EXERCISE INSTRUCTIONS: In the listing below, start your output at the line with "1D英語:前回の授業、ALTのクリス先生の授業の復習を行っています。" and end it after the line with "Stylish navy swim", copying every line exactly.

DATA FOR THIS EXERCISE:
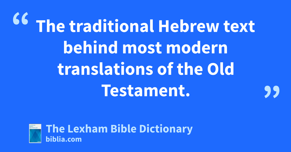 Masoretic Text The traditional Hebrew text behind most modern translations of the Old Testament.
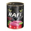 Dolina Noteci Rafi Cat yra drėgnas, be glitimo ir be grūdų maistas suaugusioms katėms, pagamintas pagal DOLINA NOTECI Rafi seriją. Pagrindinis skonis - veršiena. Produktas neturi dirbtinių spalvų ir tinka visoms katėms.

---

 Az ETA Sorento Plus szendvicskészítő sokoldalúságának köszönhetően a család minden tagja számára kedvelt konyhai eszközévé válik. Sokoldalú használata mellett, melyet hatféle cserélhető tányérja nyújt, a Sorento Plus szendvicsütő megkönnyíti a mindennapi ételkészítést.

...

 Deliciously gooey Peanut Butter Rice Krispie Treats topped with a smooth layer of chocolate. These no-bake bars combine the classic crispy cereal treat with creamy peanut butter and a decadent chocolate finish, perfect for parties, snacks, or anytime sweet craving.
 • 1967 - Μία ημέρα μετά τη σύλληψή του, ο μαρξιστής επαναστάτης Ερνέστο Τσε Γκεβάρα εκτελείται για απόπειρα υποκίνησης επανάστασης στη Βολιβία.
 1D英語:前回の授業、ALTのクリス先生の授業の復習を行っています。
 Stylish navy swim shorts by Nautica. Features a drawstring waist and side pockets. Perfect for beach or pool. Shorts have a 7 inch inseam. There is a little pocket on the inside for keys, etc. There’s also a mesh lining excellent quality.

OUTPUT OF THE EXERCISE:
 1D英語:前回の授業、ALTのクリス先生の授業の復習を行っています。
 Stylish navy swim shorts by Nautica. Features a drawstring waist and side pockets. Perfect for beach or pool. Shorts have a 7 inch inseam. There is a little pocket on the inside for keys, etc. There’s also a mesh lining excellent quality.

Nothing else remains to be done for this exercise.